"""

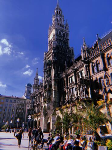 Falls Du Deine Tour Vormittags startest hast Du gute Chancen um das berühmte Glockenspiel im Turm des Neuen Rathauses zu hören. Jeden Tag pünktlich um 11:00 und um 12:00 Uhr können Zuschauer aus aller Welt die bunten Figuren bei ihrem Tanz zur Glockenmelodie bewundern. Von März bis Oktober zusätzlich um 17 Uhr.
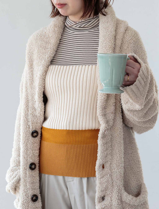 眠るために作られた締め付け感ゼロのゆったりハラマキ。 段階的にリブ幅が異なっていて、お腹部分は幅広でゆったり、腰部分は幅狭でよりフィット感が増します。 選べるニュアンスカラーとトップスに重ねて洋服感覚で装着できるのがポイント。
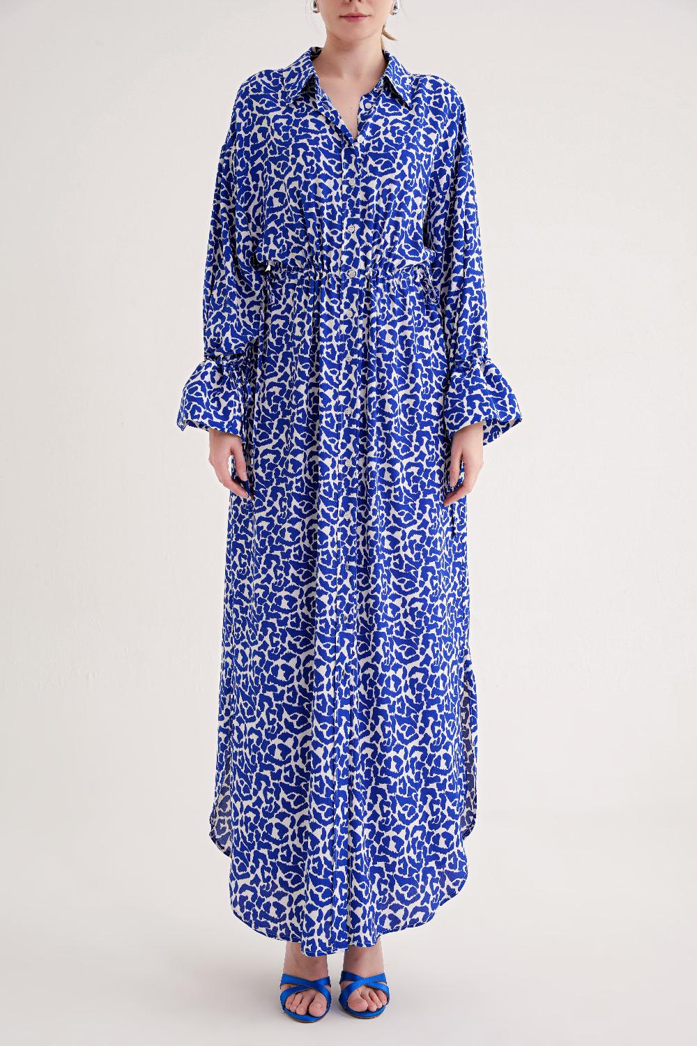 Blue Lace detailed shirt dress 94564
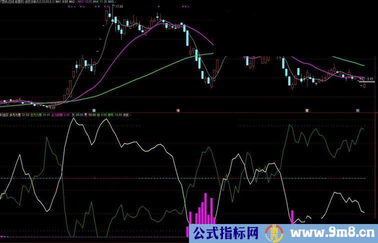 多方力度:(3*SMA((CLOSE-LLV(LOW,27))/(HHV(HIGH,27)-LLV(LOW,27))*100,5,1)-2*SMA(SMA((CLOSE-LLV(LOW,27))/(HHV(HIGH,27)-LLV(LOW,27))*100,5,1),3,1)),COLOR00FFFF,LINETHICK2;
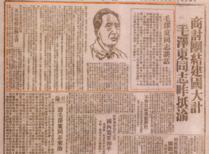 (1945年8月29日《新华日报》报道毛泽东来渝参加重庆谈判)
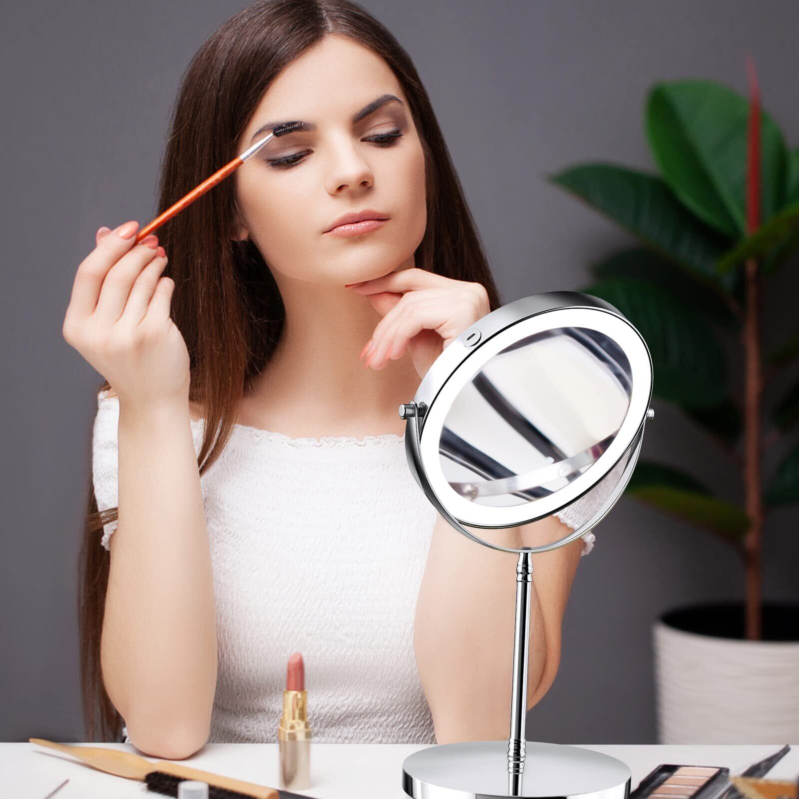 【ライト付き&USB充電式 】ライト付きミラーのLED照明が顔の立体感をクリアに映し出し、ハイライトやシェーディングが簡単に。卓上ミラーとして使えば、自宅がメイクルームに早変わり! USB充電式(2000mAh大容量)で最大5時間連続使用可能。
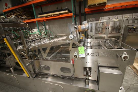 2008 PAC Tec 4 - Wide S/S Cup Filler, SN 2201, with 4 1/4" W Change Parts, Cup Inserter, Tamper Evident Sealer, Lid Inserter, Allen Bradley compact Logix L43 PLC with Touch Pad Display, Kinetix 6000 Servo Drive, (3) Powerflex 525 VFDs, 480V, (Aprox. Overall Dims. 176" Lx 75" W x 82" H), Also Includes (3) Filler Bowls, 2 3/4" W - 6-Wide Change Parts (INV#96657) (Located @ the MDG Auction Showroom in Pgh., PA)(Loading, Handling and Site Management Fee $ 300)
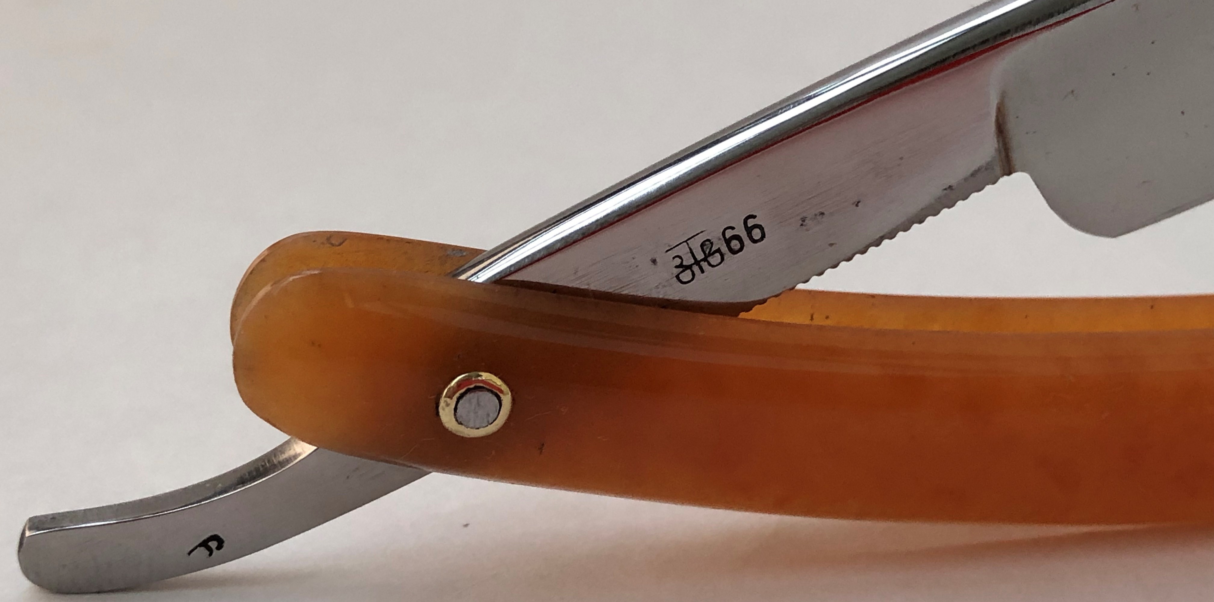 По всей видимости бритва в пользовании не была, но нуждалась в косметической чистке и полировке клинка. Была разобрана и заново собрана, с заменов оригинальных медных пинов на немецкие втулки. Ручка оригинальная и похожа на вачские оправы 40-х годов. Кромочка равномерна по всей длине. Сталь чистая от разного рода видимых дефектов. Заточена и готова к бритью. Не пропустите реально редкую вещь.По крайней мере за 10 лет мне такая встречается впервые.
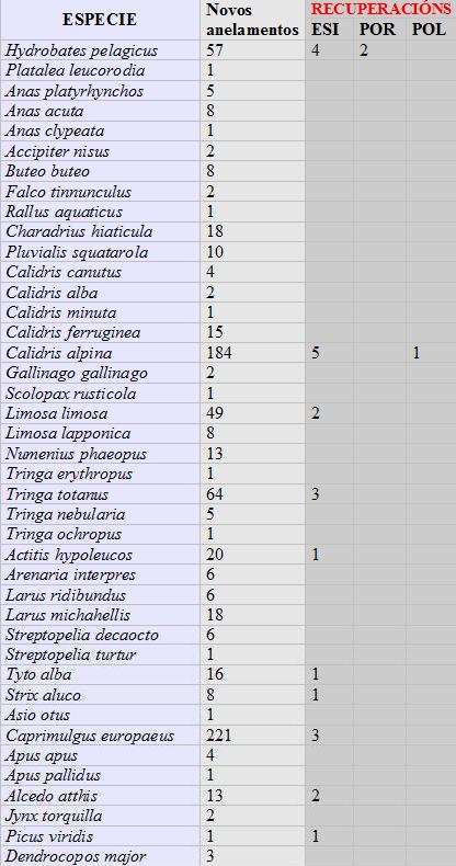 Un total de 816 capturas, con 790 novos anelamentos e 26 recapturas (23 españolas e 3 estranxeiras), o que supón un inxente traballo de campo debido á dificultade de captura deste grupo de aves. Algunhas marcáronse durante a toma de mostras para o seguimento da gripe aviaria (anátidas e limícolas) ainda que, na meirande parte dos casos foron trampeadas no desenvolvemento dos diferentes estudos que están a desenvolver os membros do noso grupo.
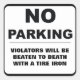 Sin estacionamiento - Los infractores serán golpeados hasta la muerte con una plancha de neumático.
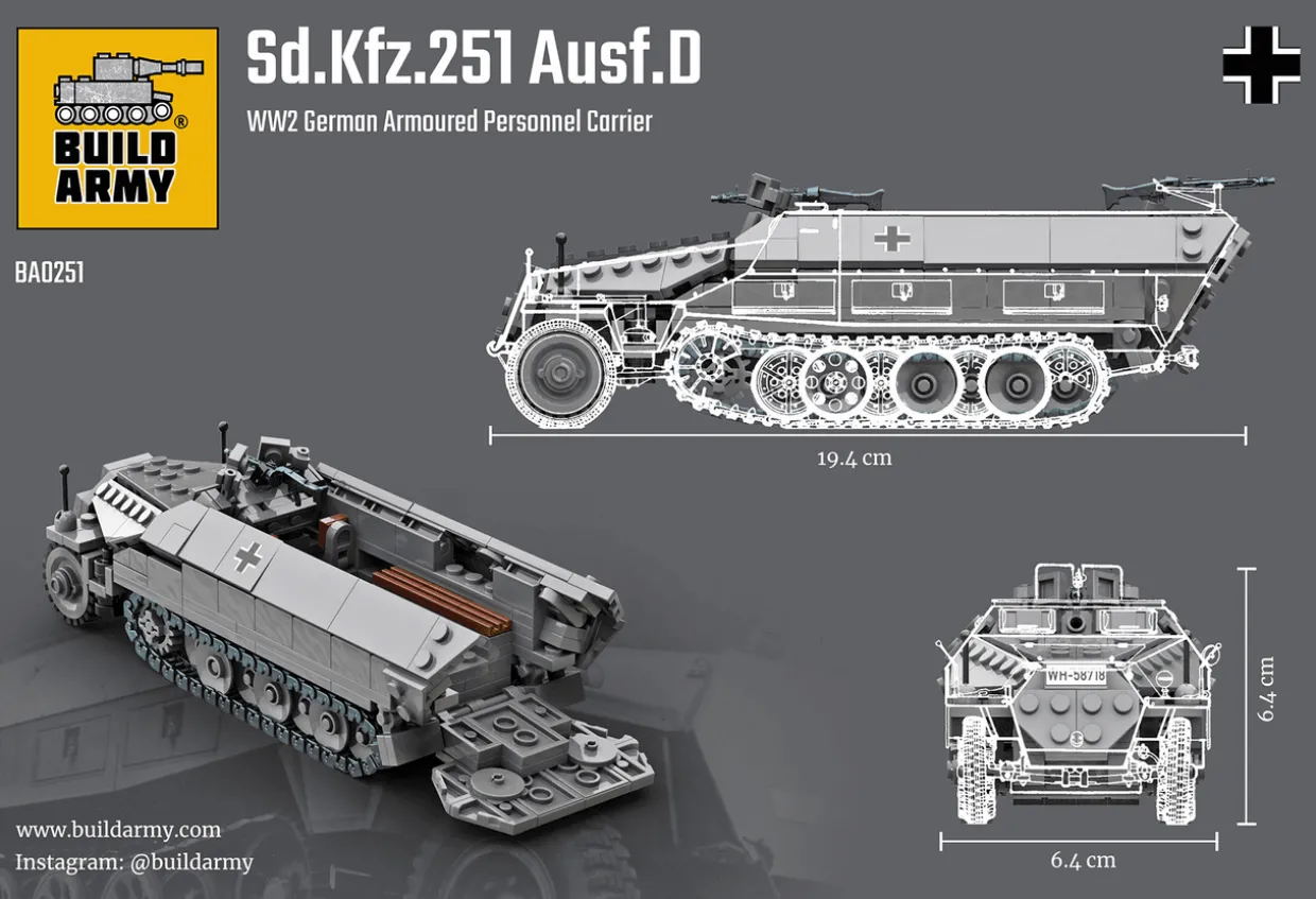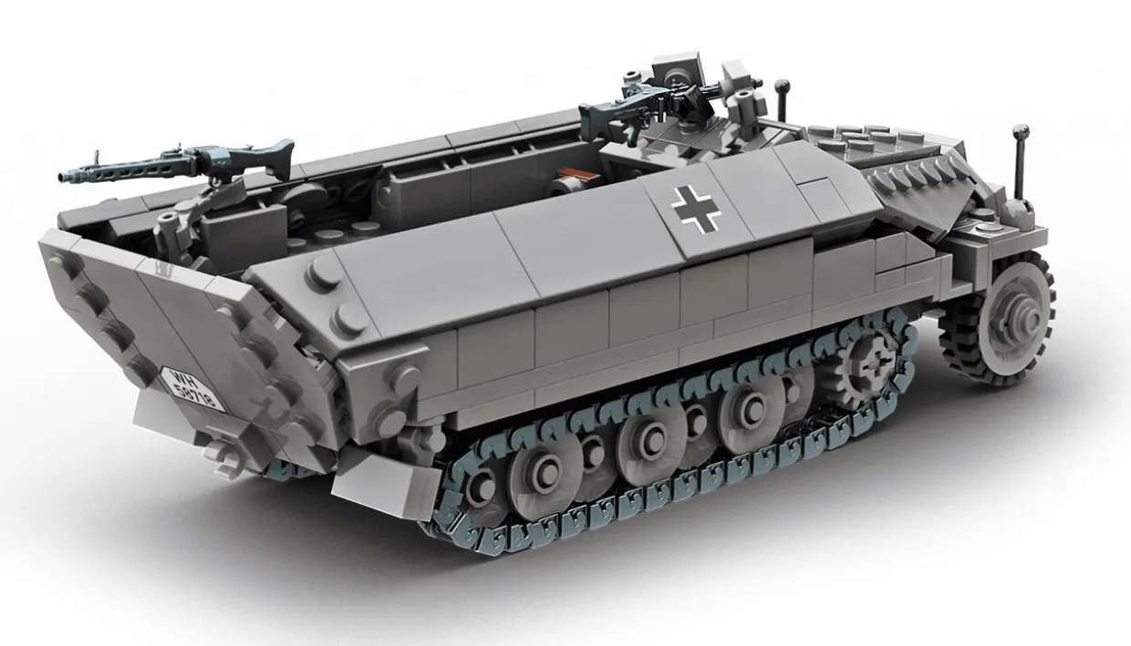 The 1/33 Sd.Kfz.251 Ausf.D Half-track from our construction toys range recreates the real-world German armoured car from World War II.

"""

:: THE TASK ::
A word-for-word copy is needed of the lines from the line with "Blue Lace detailed shirt dress 94564" through the last line of the entries above, with both ends kept and the pictures dropped.

:: ANSWER BOX ::
 Blue Lace detailed shirt dress 94564
 多方力度:(3*SMA((CLOSE-LLV(LOW,27))/(HHV(HIGH,27)-LLV(LOW,27))*100,5,1)-2*SMA(SMA((CLOSE-LLV(LOW,27))/(HHV(HIGH,27)-LLV(LOW,27))*100,5,1),3,1)),COLOR00FFFF,LINETHICK2;
 (1945年8月29日《新华日报》报道毛泽东来渝参加重庆谈判)
 【ライト付き&USB充電式 】ライト付きミラーのLED照明が顔の立体感をクリアに映し出し、ハイライトやシェーディングが簡単に。卓上ミラーとして使えば、自宅がメイクルームに早変わり! USB充電式(2000mAh大容量)で最大5時間連続使用可能。
 2008 PAC Tec 4 - Wide S/S Cup Filler, SN 2201, with 4 1/4" W Change Parts, Cup Inserter, Tamper Evident Sealer, Lid Inserter, Allen Bradley compact Logix L43 PLC with Touch Pad Display, Kinetix 6000 Servo Drive, (3) Powerflex 525 VFDs, 480V, (Aprox. Overall Dims. 176" Lx 75" W x 82" H), Also Includes (3) Filler Bowls, 2 3/4" W - 6-Wide Change Parts (INV#96657) (Located @ the MDG Auction Showroom in Pgh., PA)(Loading, Handling and Site Management Fee $ 300)
 По всей видимости бритва в пользовании не была, но нуждалась в косметической чистке и полировке клинка. Была разобрана и заново собрана, с заменов оригинальных медных пинов на немецкие втулки. Ручка оригинальная и похожа на вачские оправы 40-х годов. Кромочка равномерна по всей длине. Сталь чистая от разного рода видимых дефектов. Заточена и готова к бритью. Не пропустите реально редкую вещь.По крайней мере за 10 лет мне такая встречается впервые.
 Un total de 816 capturas, con 790 novos anelamentos e 26 recapturas (23 españolas e 3 estranxeiras), o que supón un inxente traballo de campo debido á dificultade de captura deste grupo de aves. Algunhas marcáronse durante a toma de mostras para o seguimento da gripe aviaria (anátidas e limícolas) ainda que, na meirande parte dos casos foron trampeadas no desenvolvemento dos diferentes estudos que están a desenvolver os membros do noso grupo.
 Sin estacionamiento - Los infractores serán golpeados hasta la muerte con una plancha de neumático.
 The 1/33 Sd.Kfz.251 Ausf.D Half-track from our construction toys range recreates the real-world German armoured car from World War II.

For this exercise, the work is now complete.